June 20, 2016

The ASA adopted its Statement on Principles for Alarm Management for Anesthesia Professionals at its annual meeting in October 2013.  The introduction to the Statement provides as follows:

As Anesthesia Professionals, we interact with many different types of monitors, machines, infusion pumps and other equipment; many of these devices have audible and/or visual alarms.  We rely on alarms to signal us when set parameters/ thresholds are violated and/or when a potentially abnormal situation has occurred.  A given alarm’s clinical usefulness depends on numerous factors including attributes of the patient (e.g., baseline clinical status and vital signs), the clinical situation at the time (e.g., anesthetic and procedural factors), the intended recipient(s) (e.g., experience, hearing acuity), unintended recipients (who may be distracted or worried), and the physical environment (e.g., noise and light levels).  Management of these alarms becomes challenging, especially in that we must rapidly discern when a trigger is trivial, meaningful or life threatening.

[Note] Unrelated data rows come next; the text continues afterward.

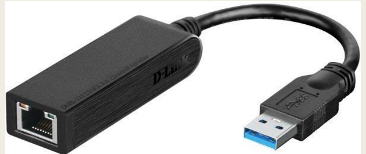
Adapteri, jossa USB pää. Muista, että yksi USB-portti pitää olla tyhjänä boottaustikulle!
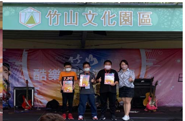
學生參加酷樂團表演比賽
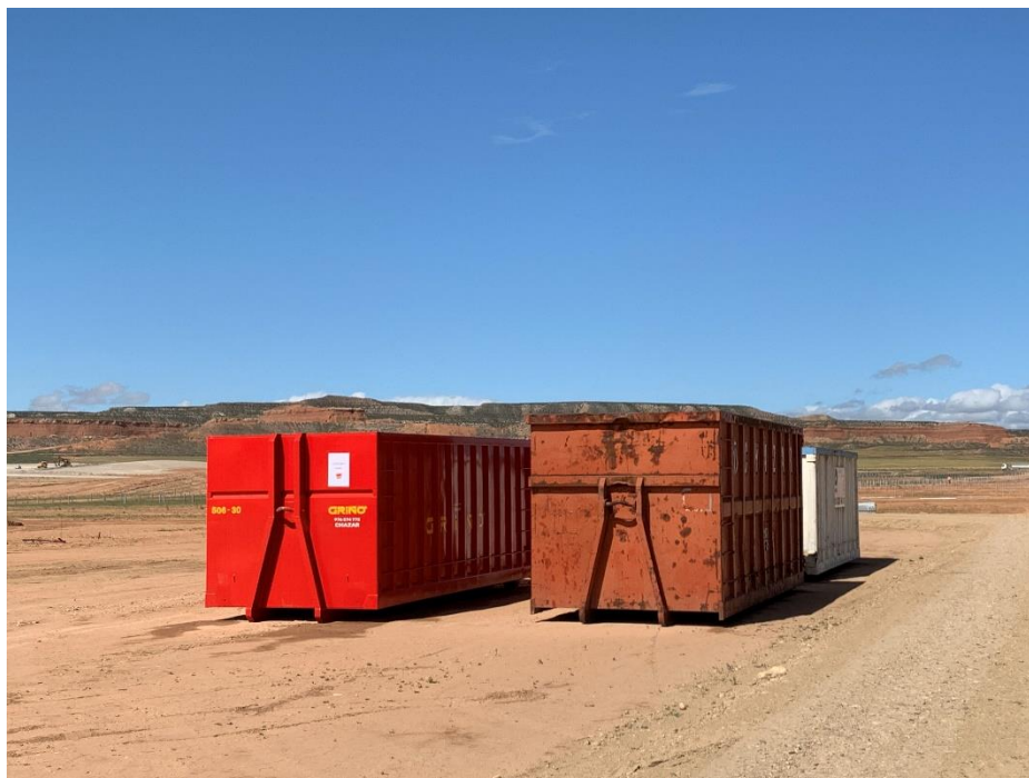
Figura 7 Punto limpio de RNP

En la planta se mantiene un nivel de orden y limpieza óptimo. El acopio logístico de materiales para la fase de construcción se ha realizado de manera correcta en las zonas destinadas para esta labor. También se ha dispuesto un punto limpio de RNP (Figura 6).
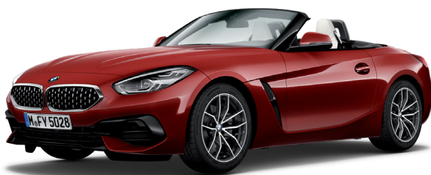
חבילת עיצוב חיצונית Sport Line, קשתות התהפכות בגימור אלומיניום (Individual Exterior Line Aluminium satinated) וחישוקי "18 דגם V-spoke style 770 Bicolor
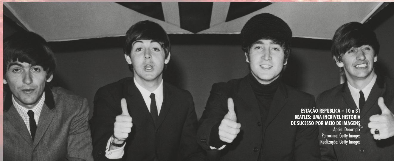
ESTAÇÃO REPÚBLICA – 10 a 31 BEATLES: UMA INCRÍVEL HISTÓRIA DE SUCESSO POR MEIO DE IMAGENS Apoio: Decorapix Patrocínio: Getty Images Realização: Getty Images
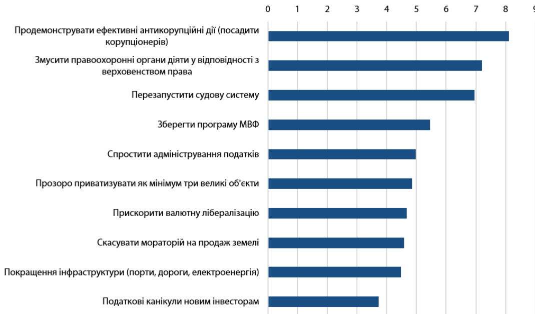
Рис. 3. Оцініть наступні можливі дії уряду з точки зору їх позитивного впливу на притік іноземних інвестицій (10 - найпозитивніший вплив)

«На жаль, відсутність верховенства права, корупція в судах і правоохоронних органах продовжують нівелювати заклики керівництва країни інвестувати і створювати робочі місця в Україні», – коментує Томаш Фіала , генеральний директор Dragon Capital .
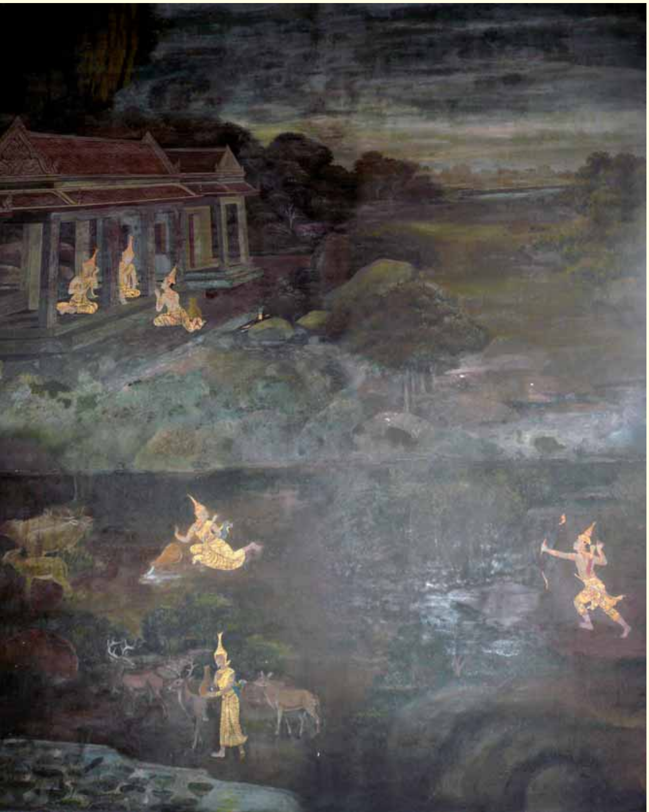
ภาพจิตรกรรมฝาผนังเรื่องสุวรรณสาม บนผนังอุโบสถวัดระฆังโฆสิตาราม กรุงเทพมหานคร

After five years of heading ECRI’s list of Top 10 Health Technology Hazards, missed alarms are now in the number two position.  “Missed alarms” include those occurring “when the condition is communicated to clinical staff, but not appropriately addressed—whether because staff fail to notice the alarm, choose to ignore an alarm that warrants a response, or otherwise respond incorrectly.”  Failing to notice or ignoring an alarm is often the result of the clinicians’ “alarm” or “alert fatigue.”  

Case Report 14-4 from the Anesthesia Quality Institute’s Anesthesia Incident Reporting System AQI-AIRS) defines alarm fatigue as “the process in which providers, exposed to excessive or irrelevant alarms and alerts, modify their responsiveness to alarms—from ignoring alarms to silencing them altogether.”

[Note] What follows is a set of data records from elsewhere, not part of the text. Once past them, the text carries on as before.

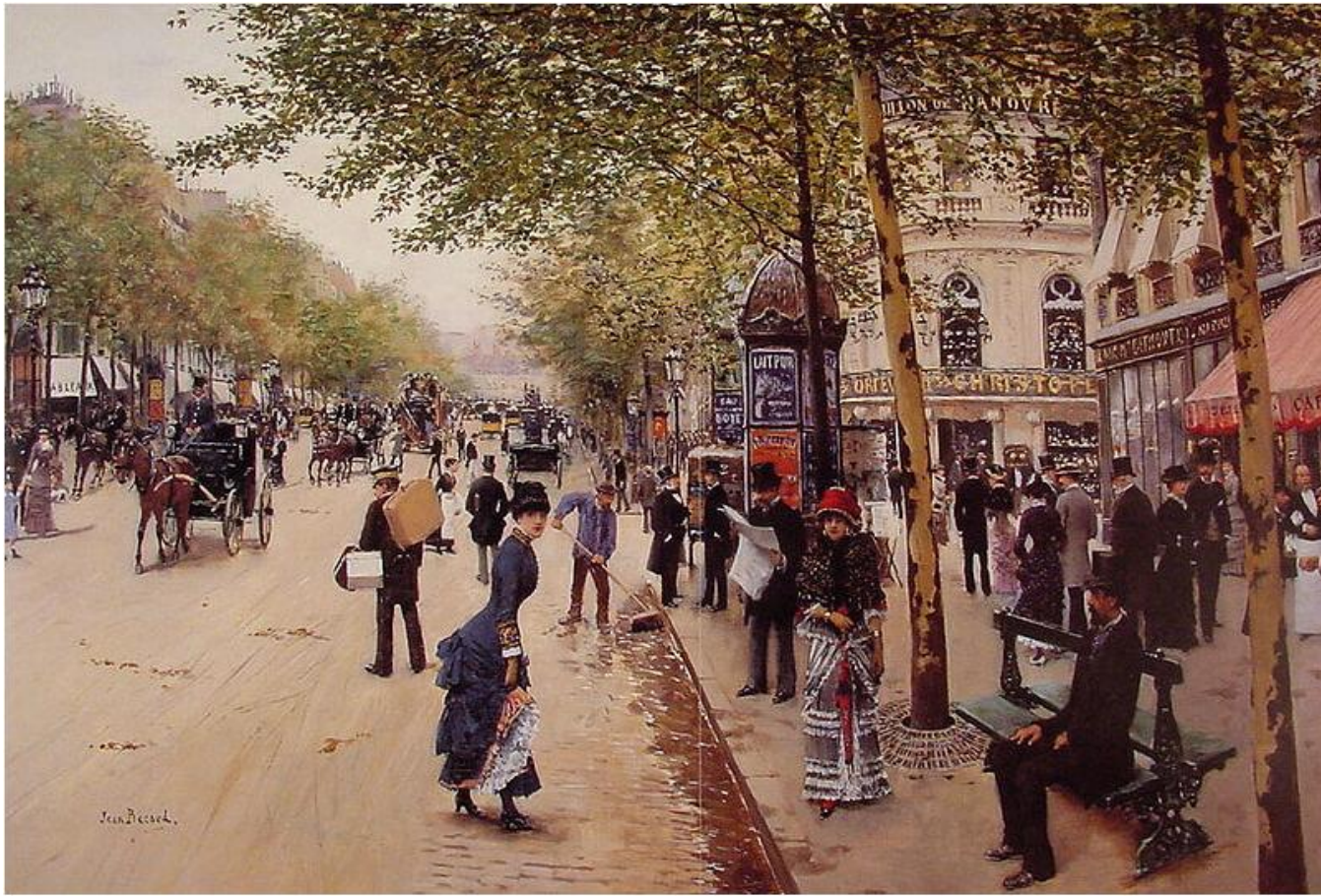
Jean Béraud, Boulevard des Capucines , Collection privée
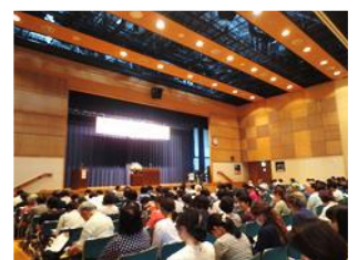
食品安全講習会の様子
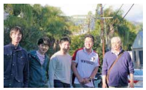
研修先からハリウッドまで約2キロ
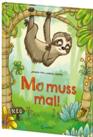
Mo muss mal! Hardcover

Anesthesiologists and nurse anesthetists rely on a panoply of monitors to care for their patients on the operating table and in the critical care unit.  One among many examples of the importance of these monitors in triggering life-saving actions comes from a 2014 Ohio malpractice case.  In Burk v. Fairfield Ambulatory Surgery Center, the premature release of a tourniquet placed for a Bier block caused a bolus of lidocaine to be introduced into the plaintiff’s system, which in turn caused her to suffer an arrhythmia and to stop breathing.  Although the blood pressure monitor, pulse oximeter and EKG all had alarms, none sounded, and the patient quickly coded.  She was resuscitated, intubated and transferred to the hospital, where she stayed for 23 days.  The patient sued the surgery center and the anesthesiologist and his group, citing numerous injuries, including cardiac arrest, anoxic brain injury, and memory and speech deficits.  The Ohio appellate court reversed the trial court’s denial of the defendants’ motion for summary judgment and sent the case back to the trial court.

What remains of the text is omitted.